You can get omega-3s through fatty fish like salmon, sardines, and mackerel, or through a fish oil supplement. Three grams per day is a meaningful dose, roughly equivalent to two standard fish oil capsules taken twice daily, though capsule concentrations vary. If you prefer plant-based sources, note that the conversion of flaxseed or chia-based omega-3s to the active forms your body uses is limited, so a direct EPA/DHA source is more reliable.
Vitamin D
Vitamin D deficiency is common in women with PCOS, and correcting it appears to help with cycle regularity. A meta-analysis of randomized controlled trials found that vitamin D supplementation improved menstrual regularity by 35% overall. However, the benefit was only statistically significant at doses above 4,000 IU per day and with treatment lasting longer than 8 weeks.
If you haven’t had your vitamin D levels checked, it’s worth doing. Many women with PCOS have levels well below the optimal range. Supplementing blindly at high doses for extended periods can cause issues, so knowing your baseline helps you choose the right amount. Vitamin D was also more effective when taken alongside other supplements (calcium or other co-treatments) rather than alone.
Spearmint Tea for Androgen Reduction
Spearmint has a specific anti-androgen effect that sets it apart from other herbal teas. In a randomized controlled trial, women with PCOS who drank spearmint tea twice daily for 30 days had significant reductions in both free and total testosterone levels compared to a placebo tea group. Lower androgens can help remove one of the barriers to normal ovulation.
Two cups per day is the dose used in the research. Spearmint tea is inexpensive, widely available, and has essentially no side effects. It’s not a standalone solution, but it stacks well with dietary and exercise changes that are working on the insulin side of the equation.
Cinnamon
Cinnamon supplementation at 1.5 grams per day (about half a teaspoon) improved menstrual frequency in a six-month randomized controlled trial. Women taking cinnamon had roughly three times as many menstrual cycles during the study period compared to the placebo group. Cinnamon is thought to work by improving insulin signaling, though the research is still considered preliminary.

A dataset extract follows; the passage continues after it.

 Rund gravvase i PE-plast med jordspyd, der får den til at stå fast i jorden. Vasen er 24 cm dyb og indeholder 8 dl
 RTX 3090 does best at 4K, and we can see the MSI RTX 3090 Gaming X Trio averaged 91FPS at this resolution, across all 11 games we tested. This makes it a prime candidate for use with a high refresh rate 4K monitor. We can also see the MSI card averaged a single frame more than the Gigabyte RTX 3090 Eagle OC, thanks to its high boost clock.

You can take cinnamon as a capsule supplement or simply add it to food. Ceylon cinnamon is generally preferred over cassia cinnamon for long-term use because cassia contains higher levels of coumarin, a compound that can stress the liver in large amounts over time.
Putting It All Together
No single intervention is likely to fully regulate your cycle on its own. The women who see the best results tend to layer multiple strategies: a low-GI diet as the foundation, regular aerobic exercise to drive down insulin resistance, and one or two targeted supplements like inositol or omega-3s. Adding spearmint tea and cinnamon is simple enough that there’s little downside to including them.

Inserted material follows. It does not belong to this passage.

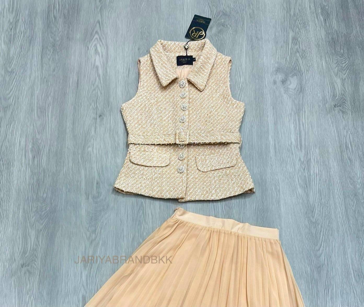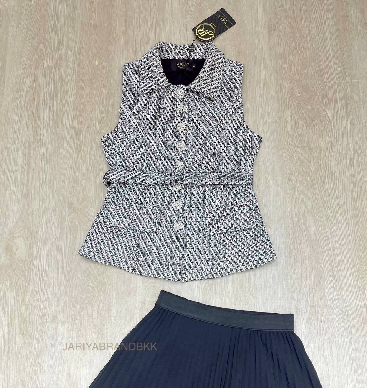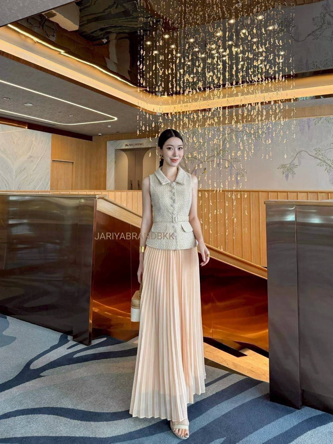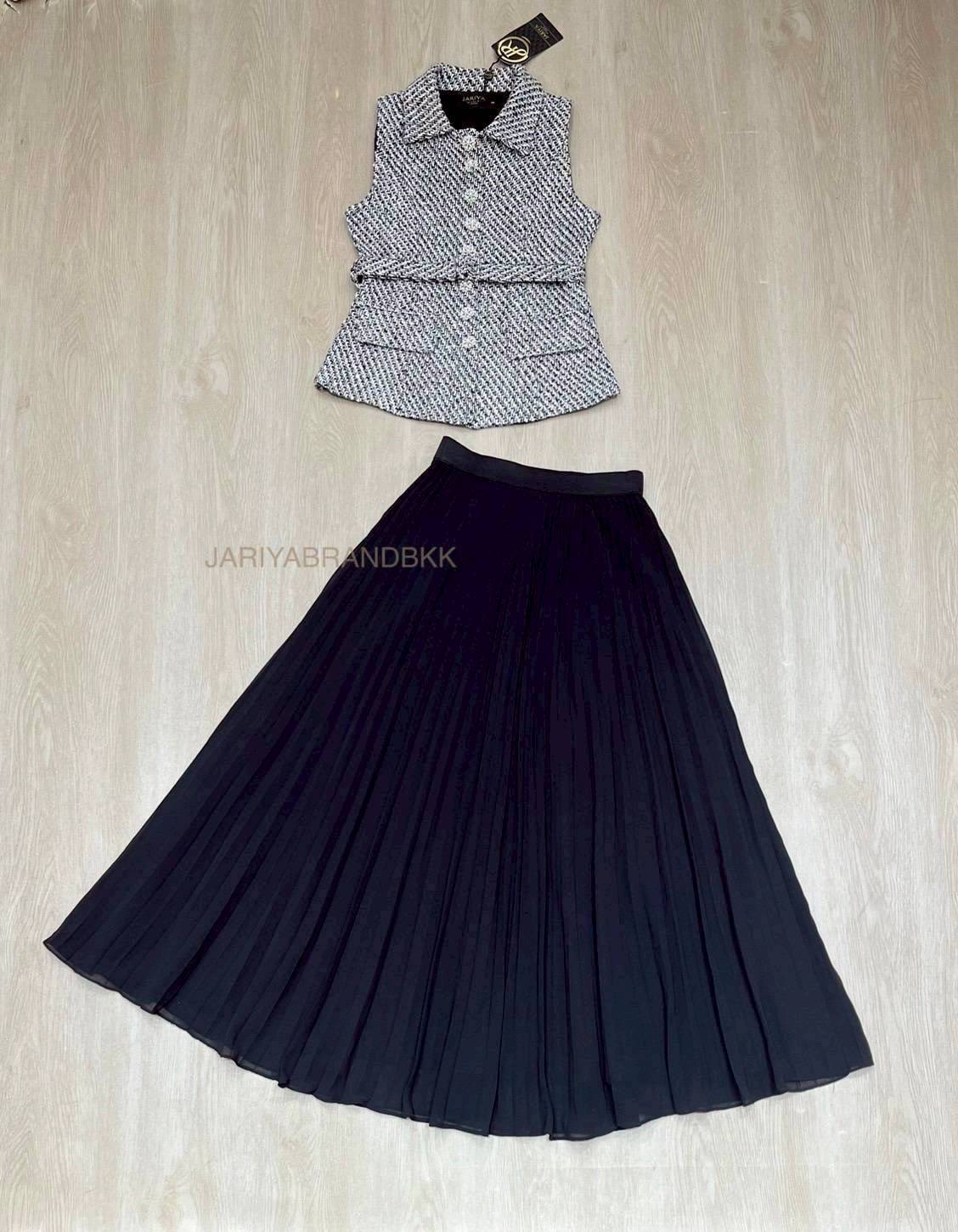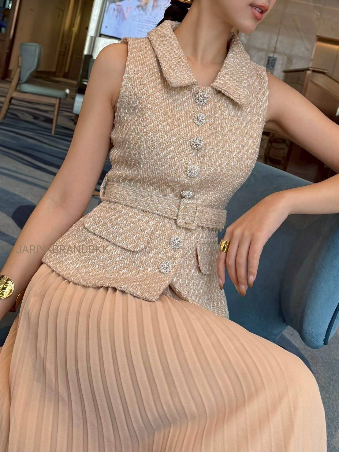 Elegant sleeveless tweed top with sparkling rhinestone buttons, paired with a long pleated skirt and matching belt.

Give any combination at least three months before judging results. Hormonal shifts take time, and you may notice other improvements first, like less acne, reduced hair growth, or better energy, before your cycle visibly changes. Track your periods so you can identify patterns. If you’ve gone six months or more without a period despite consistent lifestyle changes, that’s a sign the natural approach alone may not be enough for your situation and further evaluation is worthwhile.